Now you are a seasoned homeschooler, you got flow going and then guess what?  AAAAHHHH!  What?  They're almost done???  When did that happen?  I am just NOW able to say that I am 100% comfortable with all my curriculum, activities, teaching methods, etc and you tell me that I am on borrowed time???  Do you enjoy playing with my emotions???


Okay, I am now past the freak-out point - by a hair.  You think it's hard when they're little and they are no longer needing mommy's help to walk, eat, etc.  For me I had moments of bitter-sweetness when they didn't "require" bedtime stories because they could "read all by themselves!" and similar situations.  For the home educator you have your time when you are not needed to instruct for every subject because they have learned to teach themselves (which is what you wanted - but it still stung a little, in a good way of course).  I have been able to tell them their assignments and they're off & running.  I am here for tests and any questions that come up, but they are becoming self-teaching adults; always seeking something new to learn about and are great about sharing/teaching others.  House runs smoothly.  We all know our departments and requirements (definite tongue-in-cheek comment) and the price for the incomplete. (Insert your own here ;)  

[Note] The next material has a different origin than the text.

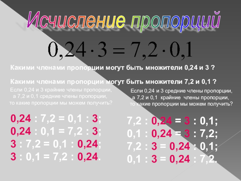 Какими членами пропорции могут быть множители 7,2 и 0,1 ?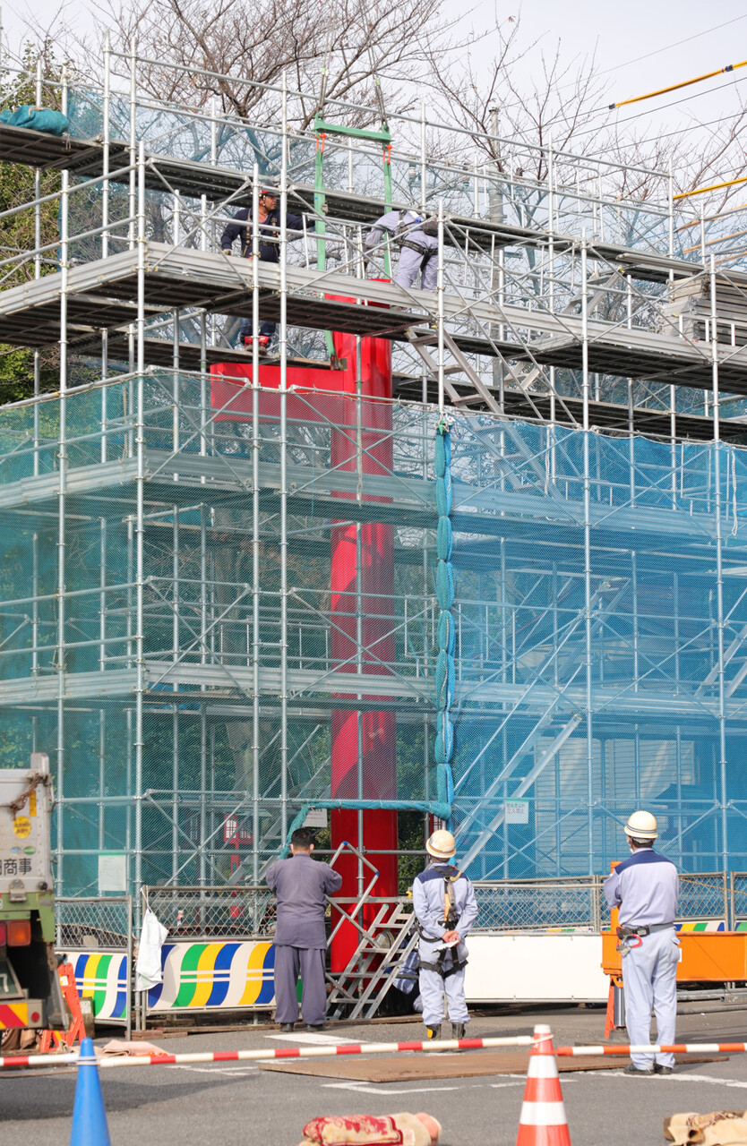 柱の根元どうなてるのか見たいけど一般人は遠くから見守るのみ。

I'm cruising now...even with all the health problems we have endured, teaching my kids has always been my life and I take it very seriously.  You have to be disciplined, I am; you have to be dedicated, my motto; you have to be strong, I have God's strength and His wisdom.  I have been knocked-down and almost out.  One of my favorite things is that I love talking with other home educators and hearing about their journeys.  I've been away from them for awhile (I'm coming back!), but never have I been away from my kid's education.  God saved my life spiritually (a walk everyday) and physically (to be discussed at a later date :), and once again...feeling the groove...the adventure in homeschooling, my scene.


Guess what?  I am now realizing that my scene is changing.  Good...bad...  I don't think that comes into play here.  With kids you are ecstatic to see them walk, and then you realize "Uh-oh! He's running into the street!" You teach them to talk and then, watch out...they never stop!  (Insert laugh here)  Especially girls, wow!  You love all of it and you're sad at the same time.  That's where I'm at...I see where they are "walking/running" and where their "words" are taking them.  Their futures look wonderful - they have plans.  Now...what about me?

Don't get me wrong, I am not upset by any means.  Usually I catch these things before they're on my heels.  Maybe I should say that I am intrigued about what is coming into my view now.  Do I have any ideas?  Welp...I still see myself involved with the home education movement.  We have a private school for home educators that my heart is forever in and I don't want that to go away unless we are not needed anymore.  I hope my kids home educate and they both expressed their desire to do so.  Certain materials and accoutrement have been put back as they have asked.  

My current scene has been so blessed, can you imagine what God has planned for my next scene? I am not scared or worried.  God has been with me this whole time, why would I doubt His love now?  I don't.  I am very interested in what is coming.